4/ But obviously that was institutional racism in the housing market. Likewise, after the Civil Rights Act made overt job discrimination illegal, companies began imposing certain qualification requirements for jobs, which they knew would screen out Black people...
5/ The Duke Power Co., in a famous example (but hardly unique) suddenly required a HS diploma and certain score on an "Industrial aptitude test" to get entry level jobs. These requirements had NEVER existed before. They went into effect literally the week the CRA became law...

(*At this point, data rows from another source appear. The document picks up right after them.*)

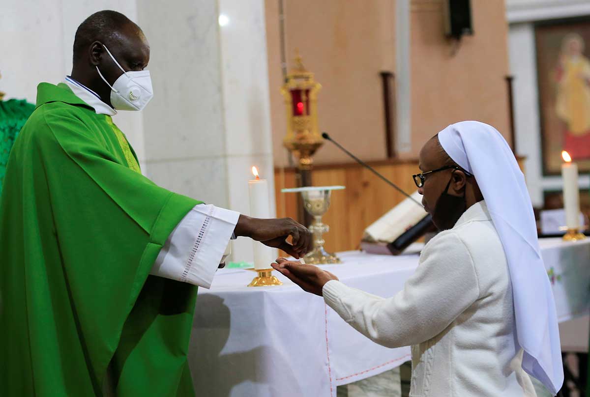 A priest wearing a face mask gives Communion to a woman religious during Mass at the Cathedral Basilica of the Holy Family in Nairobi, Kenya, on the first day the government allowed churches to reopen for worship during the coronavirus pandemic. The Vatican issued a new instruction on pastoral care that emphasises the role of lay men and women in the church’s mission, but said most parishes must be led by priests. (CNS photo/Thomas Mukoya, Reuters)
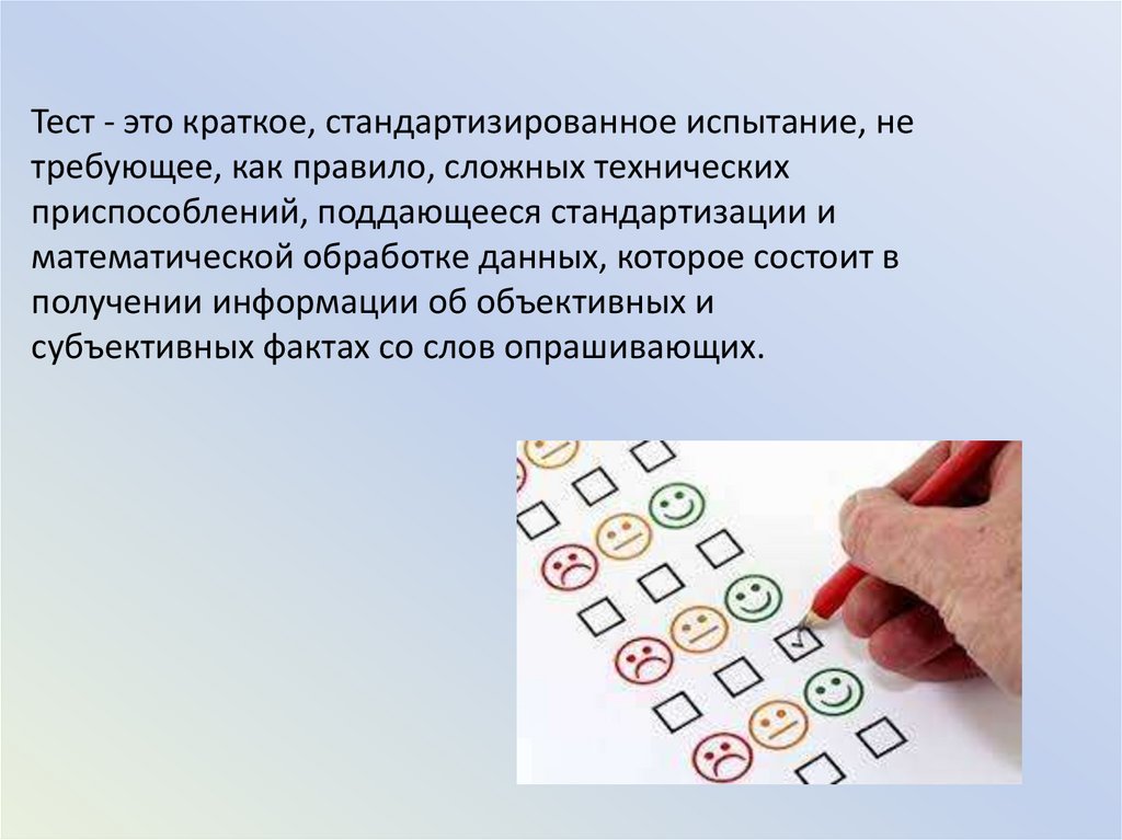 Тест - это краткое, стандартизированное испытание, нетребующее, как правило, сложных технических
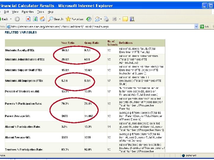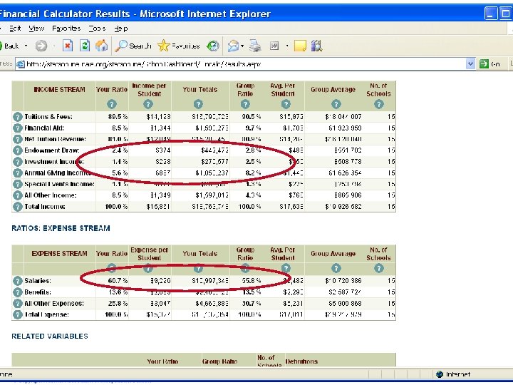 Step 2: Ratio & Variance Analysis Step Two provides a snapshot of current key ratios as a basis for posing the principal strategic financial planning questions. Goal: To benchmark your school's key ratios against those of comparable schools to determine where you exceed the norm and can use your relative position advantageously, where you fall below the norm and can improve, or where you deliberately ignore the norm and can articulate why. Questions To Ask: § How do your school's "dashboard indicators" compare to those of similar schools? § In a variance analysis, where and why do your ratios look different? § What are you doing that gives you a financially sustainable advantage? § What are others doing that give them better ratios and better results? How can you emulate them? Tasks To Undertake: § Give your CFO/Business Manager the assignment to develop a Dashboard Indicators Report using NAIS's School Indicators / Financial Calculator

6/ But would we say that wasn't institutional racism, just because there was no law producing the outcome? Of course not. Likewise, the war on drugs has been waged dispro on Black folks, but not because the law requires that. Cops have the right to selectively enforce laws...
7/ But when they do it, even though it's "legal" are we really saying that isn't institutional racism in law enforcement? Of course not. When the NC legislature passed new voter ID laws, but beforehand inquired from the state which ID types Blacks were least likely to have...
8/ ...And once they learned the answer, they made sure to require THAT kind of ID, the court noted Black voters had been targeted for exclusion with almost surgical precision. But they LAW didn't ban black voters, it was just written to dispro effect them. How is that not IR?..
9/ In the job market, if companies hire dispro from networking (and evidence says they do), and POC are less likely to be in the best word of mouth networks, that perpetuates racialized unfairness in the labor market...it's institutional racism even w/o a law requiring it...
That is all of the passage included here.